New Points on Curves

TL;DR

This paper explores the existence of new points on algebraic curves over finite extensions, establishing conditions under which infinitely many hyperelliptic and elliptic curves possess such points, depending on the genus and extension degree.

Contribution

It provides new results on the existence of curves with new points over finite extensions, particularly for hyperelliptic and elliptic curves, based on genus and extension degree.

Findings

Existence of infinitely many hyperelliptic curves with new points for genus g ≥ [d/4] in characteristic ≠ 2.

Existence of infinitely many elliptic curves with new points for degrees 1 to 10.

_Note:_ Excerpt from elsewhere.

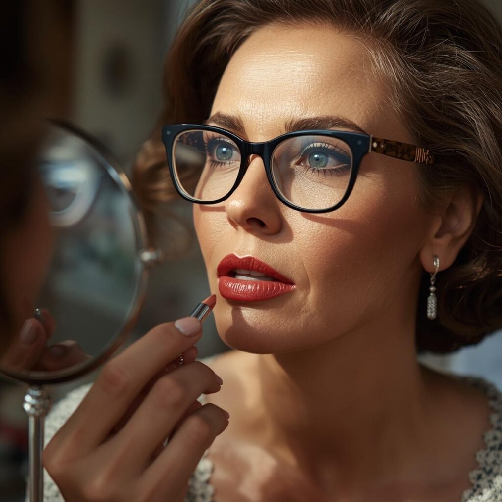 Glasses draw attention to your eyes, so a flattering lip color can balance your look. Neutral or soft rosy tones work well for everyday wear, while bold shades are perfect for a statement look.

Construction of non-isomorphic curves with pairwise distinct j-invariants and new points.

Abstract

Let K be a field and let L/K be a finite extension. Let X/K be a scheme of finite type. A point of X(L) is said to be new if it does not belong to the union of X(F), when F runs over all proper subextensions of L. Fix now an integer g>0 and a finite separable extension L/K of degree d. We investigate in this article whether there exists a smooth proper geometrically connected curve of genus g with a new point in X(L). We show for instance that if K is infinite of characteristic different from 2 and g is bigger or equal to [d/4], then there exist infinitely many hyperelliptic curves X/K of genus g, pairwise non-isomorphic over the algebraic closure of K, and with a new point in X(L). When d is between 1 and 10, we show that there exist infinitely many elliptic curves X/K with pairwise distinct j-invariants and with a new point in X(L).